The corporate elite is congenitally corrupt and has continued these practices in a seamless transition from apartheid to the democratic era. The predecessors of the present corporate elite have vast experience in hiding more than what could become the most infamous euphemism of modern times, “corporate irregularity”. Hennie van Vuuren’s book Apartheid, Guns and Profits demonstrated that they were prepared to go to considerable lengths to protect their profits, colluding with the apartheid regime in sanctions busting while posturing as opponents of apartheid.

Such is the callous, even insolent contempt for democracy of the overwhelmingly white corporate elite that the post-apartheid order was welcomed for example by Tiger Brands by collusion in the bread price – the staple of the poor – from virtually immediately after the last vote was cast in the historic elections of 1994.
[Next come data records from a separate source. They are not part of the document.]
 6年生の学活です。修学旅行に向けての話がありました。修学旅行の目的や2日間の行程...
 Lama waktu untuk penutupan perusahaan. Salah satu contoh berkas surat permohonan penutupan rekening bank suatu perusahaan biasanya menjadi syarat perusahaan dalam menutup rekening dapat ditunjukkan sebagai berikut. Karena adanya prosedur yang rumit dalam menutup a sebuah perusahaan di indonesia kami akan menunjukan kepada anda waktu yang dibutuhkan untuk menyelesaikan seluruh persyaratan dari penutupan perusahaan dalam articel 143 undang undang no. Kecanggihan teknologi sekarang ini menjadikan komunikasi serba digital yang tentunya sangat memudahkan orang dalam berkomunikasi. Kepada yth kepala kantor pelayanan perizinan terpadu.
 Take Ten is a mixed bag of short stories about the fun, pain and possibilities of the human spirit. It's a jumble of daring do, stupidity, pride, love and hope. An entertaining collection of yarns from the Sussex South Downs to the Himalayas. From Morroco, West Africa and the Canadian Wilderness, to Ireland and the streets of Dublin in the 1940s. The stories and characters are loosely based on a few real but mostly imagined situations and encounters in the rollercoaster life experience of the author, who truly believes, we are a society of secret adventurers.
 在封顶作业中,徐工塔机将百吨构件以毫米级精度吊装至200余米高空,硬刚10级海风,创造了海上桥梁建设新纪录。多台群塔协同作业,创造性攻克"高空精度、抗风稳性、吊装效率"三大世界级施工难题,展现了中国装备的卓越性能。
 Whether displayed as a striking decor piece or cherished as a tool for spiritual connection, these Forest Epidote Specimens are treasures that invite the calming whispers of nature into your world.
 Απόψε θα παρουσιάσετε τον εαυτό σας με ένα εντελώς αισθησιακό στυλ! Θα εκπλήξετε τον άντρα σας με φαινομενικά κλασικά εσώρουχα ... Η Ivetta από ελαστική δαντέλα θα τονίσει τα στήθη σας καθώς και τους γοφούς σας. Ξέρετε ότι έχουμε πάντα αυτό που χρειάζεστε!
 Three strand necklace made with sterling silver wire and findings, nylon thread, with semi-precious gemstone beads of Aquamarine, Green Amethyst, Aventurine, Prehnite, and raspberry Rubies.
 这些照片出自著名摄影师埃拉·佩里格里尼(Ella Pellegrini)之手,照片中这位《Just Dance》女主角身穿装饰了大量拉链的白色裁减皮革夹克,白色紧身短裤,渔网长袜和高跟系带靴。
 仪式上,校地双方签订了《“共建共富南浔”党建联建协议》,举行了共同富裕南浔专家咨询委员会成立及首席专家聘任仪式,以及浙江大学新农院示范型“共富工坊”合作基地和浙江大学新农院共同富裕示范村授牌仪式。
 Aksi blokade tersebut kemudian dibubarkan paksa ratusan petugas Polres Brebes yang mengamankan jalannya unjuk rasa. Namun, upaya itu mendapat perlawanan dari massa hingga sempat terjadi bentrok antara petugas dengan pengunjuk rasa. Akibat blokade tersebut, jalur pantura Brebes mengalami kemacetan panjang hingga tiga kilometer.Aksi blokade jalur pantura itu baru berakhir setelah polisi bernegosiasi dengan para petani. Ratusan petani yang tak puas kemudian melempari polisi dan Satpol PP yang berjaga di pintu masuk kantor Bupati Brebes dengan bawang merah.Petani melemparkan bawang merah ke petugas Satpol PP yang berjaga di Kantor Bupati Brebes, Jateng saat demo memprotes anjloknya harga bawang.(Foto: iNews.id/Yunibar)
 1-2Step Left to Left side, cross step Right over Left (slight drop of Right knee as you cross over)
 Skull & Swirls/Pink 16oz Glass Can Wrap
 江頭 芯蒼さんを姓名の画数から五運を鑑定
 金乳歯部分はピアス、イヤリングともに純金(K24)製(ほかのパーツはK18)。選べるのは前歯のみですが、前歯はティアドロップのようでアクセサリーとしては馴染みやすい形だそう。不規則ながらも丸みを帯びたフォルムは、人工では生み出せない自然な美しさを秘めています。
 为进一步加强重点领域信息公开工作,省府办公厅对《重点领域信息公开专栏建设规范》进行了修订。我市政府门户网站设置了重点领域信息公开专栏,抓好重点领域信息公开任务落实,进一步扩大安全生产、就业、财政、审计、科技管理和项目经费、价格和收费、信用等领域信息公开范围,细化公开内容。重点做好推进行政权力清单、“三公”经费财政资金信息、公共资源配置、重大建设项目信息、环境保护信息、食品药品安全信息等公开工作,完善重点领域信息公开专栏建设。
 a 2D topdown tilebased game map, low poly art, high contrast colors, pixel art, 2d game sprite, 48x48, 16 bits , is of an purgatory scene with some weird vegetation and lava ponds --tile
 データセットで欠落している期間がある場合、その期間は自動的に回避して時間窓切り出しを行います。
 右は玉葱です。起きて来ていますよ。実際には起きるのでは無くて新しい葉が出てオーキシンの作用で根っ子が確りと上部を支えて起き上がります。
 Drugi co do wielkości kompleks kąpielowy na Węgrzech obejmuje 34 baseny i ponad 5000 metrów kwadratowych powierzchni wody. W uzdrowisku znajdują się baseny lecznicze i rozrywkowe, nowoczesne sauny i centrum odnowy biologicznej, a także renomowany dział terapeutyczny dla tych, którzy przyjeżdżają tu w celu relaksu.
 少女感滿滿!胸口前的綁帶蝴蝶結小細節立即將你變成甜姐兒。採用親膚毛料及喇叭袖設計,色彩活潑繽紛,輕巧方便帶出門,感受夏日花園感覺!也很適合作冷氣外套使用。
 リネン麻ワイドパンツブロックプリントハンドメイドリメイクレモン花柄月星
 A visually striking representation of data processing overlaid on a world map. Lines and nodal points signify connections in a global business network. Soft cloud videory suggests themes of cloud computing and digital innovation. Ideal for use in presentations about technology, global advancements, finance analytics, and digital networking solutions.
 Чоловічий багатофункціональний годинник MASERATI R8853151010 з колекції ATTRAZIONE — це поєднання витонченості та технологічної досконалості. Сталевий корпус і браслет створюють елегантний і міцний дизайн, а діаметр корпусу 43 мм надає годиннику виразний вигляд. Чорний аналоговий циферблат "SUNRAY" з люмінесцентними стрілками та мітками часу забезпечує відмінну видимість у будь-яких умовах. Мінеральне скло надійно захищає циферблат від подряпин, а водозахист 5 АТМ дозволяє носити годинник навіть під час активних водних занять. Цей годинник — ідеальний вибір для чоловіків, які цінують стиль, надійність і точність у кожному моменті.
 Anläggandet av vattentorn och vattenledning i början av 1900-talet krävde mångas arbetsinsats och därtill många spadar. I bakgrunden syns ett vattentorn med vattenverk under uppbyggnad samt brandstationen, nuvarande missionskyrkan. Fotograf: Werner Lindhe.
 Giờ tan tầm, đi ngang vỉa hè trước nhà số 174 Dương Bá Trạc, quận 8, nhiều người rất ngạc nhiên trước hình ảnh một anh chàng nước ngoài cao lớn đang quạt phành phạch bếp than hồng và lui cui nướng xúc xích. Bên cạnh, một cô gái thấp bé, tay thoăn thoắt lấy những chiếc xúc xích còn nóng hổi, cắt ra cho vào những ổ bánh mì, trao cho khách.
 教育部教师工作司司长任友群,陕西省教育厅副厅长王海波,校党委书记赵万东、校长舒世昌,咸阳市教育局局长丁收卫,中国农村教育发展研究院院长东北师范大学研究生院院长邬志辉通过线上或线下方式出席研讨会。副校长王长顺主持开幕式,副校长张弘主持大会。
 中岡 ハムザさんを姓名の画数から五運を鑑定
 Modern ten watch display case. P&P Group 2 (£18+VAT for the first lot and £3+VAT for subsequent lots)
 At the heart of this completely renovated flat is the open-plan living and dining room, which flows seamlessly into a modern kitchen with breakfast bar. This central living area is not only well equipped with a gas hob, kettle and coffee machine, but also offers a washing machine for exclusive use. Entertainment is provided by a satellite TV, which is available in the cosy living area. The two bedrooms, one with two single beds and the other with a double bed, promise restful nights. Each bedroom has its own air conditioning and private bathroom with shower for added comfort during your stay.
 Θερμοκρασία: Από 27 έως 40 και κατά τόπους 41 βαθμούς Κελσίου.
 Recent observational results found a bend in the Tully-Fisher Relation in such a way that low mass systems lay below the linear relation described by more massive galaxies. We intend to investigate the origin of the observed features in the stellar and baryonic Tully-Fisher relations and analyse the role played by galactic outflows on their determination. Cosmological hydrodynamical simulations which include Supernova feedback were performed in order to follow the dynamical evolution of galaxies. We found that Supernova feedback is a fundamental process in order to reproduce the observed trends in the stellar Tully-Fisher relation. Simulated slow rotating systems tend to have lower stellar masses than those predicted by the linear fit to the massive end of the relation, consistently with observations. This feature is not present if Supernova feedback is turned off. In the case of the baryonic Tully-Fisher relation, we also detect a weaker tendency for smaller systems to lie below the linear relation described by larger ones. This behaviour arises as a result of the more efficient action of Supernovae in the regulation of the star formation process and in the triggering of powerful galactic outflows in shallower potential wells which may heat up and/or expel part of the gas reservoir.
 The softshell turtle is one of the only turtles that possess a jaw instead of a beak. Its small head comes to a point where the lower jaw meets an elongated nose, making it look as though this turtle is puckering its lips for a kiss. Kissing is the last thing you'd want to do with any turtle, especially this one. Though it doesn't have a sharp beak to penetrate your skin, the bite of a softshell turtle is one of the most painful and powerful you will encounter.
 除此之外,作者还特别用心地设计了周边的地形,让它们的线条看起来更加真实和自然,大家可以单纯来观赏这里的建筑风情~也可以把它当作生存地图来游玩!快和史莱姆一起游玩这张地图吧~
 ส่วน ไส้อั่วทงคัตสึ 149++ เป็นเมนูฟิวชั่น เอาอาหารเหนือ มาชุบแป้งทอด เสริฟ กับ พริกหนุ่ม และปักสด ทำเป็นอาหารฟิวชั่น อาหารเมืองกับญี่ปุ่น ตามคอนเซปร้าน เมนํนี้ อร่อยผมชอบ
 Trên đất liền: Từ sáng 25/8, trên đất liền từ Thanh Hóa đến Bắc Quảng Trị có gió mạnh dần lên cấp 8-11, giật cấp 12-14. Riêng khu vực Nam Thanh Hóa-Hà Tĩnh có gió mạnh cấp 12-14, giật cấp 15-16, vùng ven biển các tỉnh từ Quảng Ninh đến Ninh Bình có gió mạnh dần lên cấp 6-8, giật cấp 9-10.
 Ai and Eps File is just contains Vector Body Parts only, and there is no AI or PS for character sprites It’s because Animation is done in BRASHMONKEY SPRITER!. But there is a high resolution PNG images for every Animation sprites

Wiese, apparently an old hand at this, was caught at Heathrow Airport, London, entering the UK, with millions of pound sterling in a brief case, triggering charges in a case that has yet to be concluded.

Steinhoff’s aggressive acquisition spree that contributed to the 90% crash in its share price was made possible by, among others, the relaxation of exchange control regulations allowing for the amount that can be taken out of the country by any individual over 18 without a tax declaration to be R1-million per annum. With no legal obligation to invest, loyal only to their profit margins and bank balances, the corporate elite is sitting on a cash pile of R1.5-trillion in what amounts to an investment strike when unemployment and poverty have reached record levels. Nothing demonstrates this disloyalty to the country than at a time when the country’s economic performance is at its worst since 1994, due in no small part to this greedy corporate elite.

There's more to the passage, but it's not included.